For example, California has the California Consumer Privacy Act of 2018 (CCPA), one of the most protective state measures for consumer privacy. It was amended by a ballot proposition (called the "California Privacy Rights Act") in 2020, with the amendments taking effect on January 1, 2023. The CCPA includes the rights to:

  • know the personal information a business collects about you and how that information is used, shared, and sold
  • opt out of the sale or sharing of your personal information
  • limit the use and disclosure of sensitive personal information collected about you
  • delete your personal information collected by a business, and
  • correct inaccurate personal information that a business has about you.

(Cal. Civ. Code §§ 1798.140 and following (2025).)

Moreover, the CCPA includes as "personal information" AI systems that are capable of outputting personal information.

As of October 2025, 19 states have passed comprehensive data privacy laws.

Despite California's stricter regulations and the FTC's investigation into ChatGPT, the U.S., in general, is considered behind other nations when it comes to consumer protection and data privacy laws.

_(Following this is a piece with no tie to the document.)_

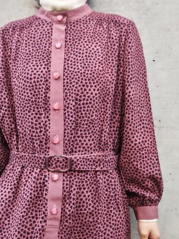 ピンク・パープル・ネイビー三角柄♪レトロワンピ

Data Privacy Laws Outside the U.S.: The EU AI and GDPR

The European Union (EU) has some of the most comprehensive and protective data privacy laws in the world. The EU AI Act and the General Data Protection Regulation (GDPR) are the two key laws that govern how AI companies treat user data.

Personal Information Under the EU AI Act

The European Council adopted the EU AI Act in May 2024 and will be implemented in stages through August 2, 2027. The EU AI Act is the first comprehensive AI law in the world. The Act has wide applicability beyond data privacy and personal data protection. But for this article, we'll focus on its effects on data protection.

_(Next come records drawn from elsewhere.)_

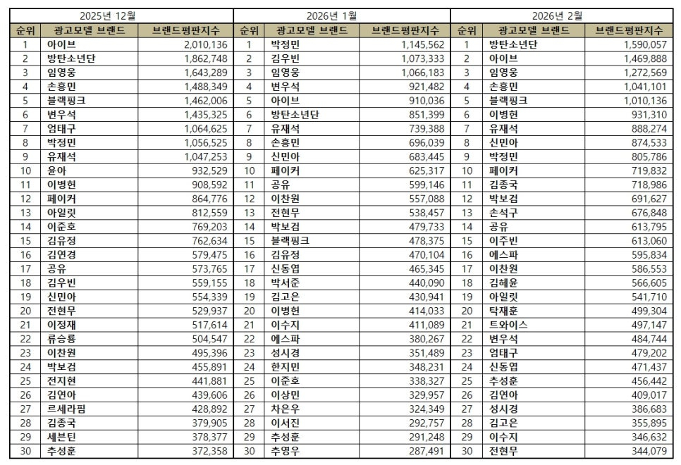 2026년 2월 광고모델 브랜드평판 30위 순위는 방탄소년단, 아이브, 임영웅, 손흥민, 블랙핑크, 이병헌, 유재석, 신민아, 박정민, 페이커, 김종국, 박보검, 손석구, 공유, 이주빈, 에스파, 이찬원, 김혜윤, 아일릿, 탁재훈, 트와이스, 변우석, 엄태구, 신동엽, 추성훈, 김연아, 성시경, 김고은, 이수지, 전현무 순으로 분석됐다.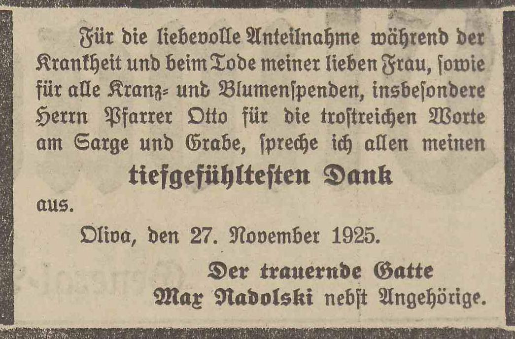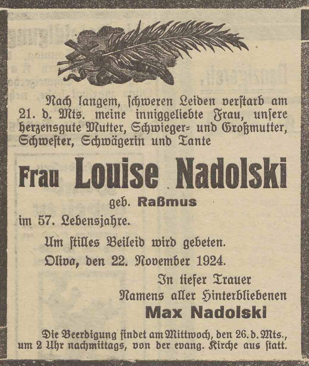Louise Nadolski zd. Raßmus. Max Nadolski. Olivaer Zeintung nr 275 z 24. 11. 1924 r.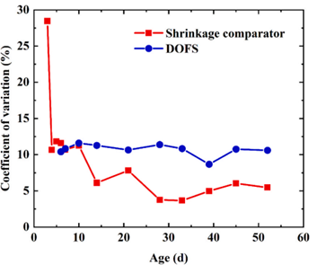蠕變?cè)囼?yàn)中,OFDR測(cè)量的變異系數(shù)(CV)均值僅5.60%,較應(yīng)變片(23.22%)降低76%,較便攜式應(yīng)變儀(16.07%)降低65%;收縮試驗(yàn)中其CV穩(wěn)定在8.68%-11.60%,曲線增長趨勢(shì)平穩(wěn),數(shù)據(jù)離散性顯著低于傳統(tǒng)方法。

For some background, the EU AI Act separates AI systems into four categories based on risk level:

  • unacceptable risk
  • high risk
  • limited risk, and
  • minimal or no risk.

The EU AI Act also applies special requirements for general purpose AI (GPAI). GPAI systems can perform a range of tasks and are based on GPAI models. GPAI systems would include ChatGPT, Gemini, and other LLMs that are used for general purposes by the public. Most GPAI providers must create training and testing processes and publish a summary of the content the GPAI model was trained on.

To facilitate and encourage the development of AI systems, the Act requires EU Member States to establish at least one AI regulatory sandbox by August 2, 2026. An "AI regulatory sandbox" is a controlled framework where AI providers can develop, train, test, and validate AI systems under regulatory supervision before the system is released.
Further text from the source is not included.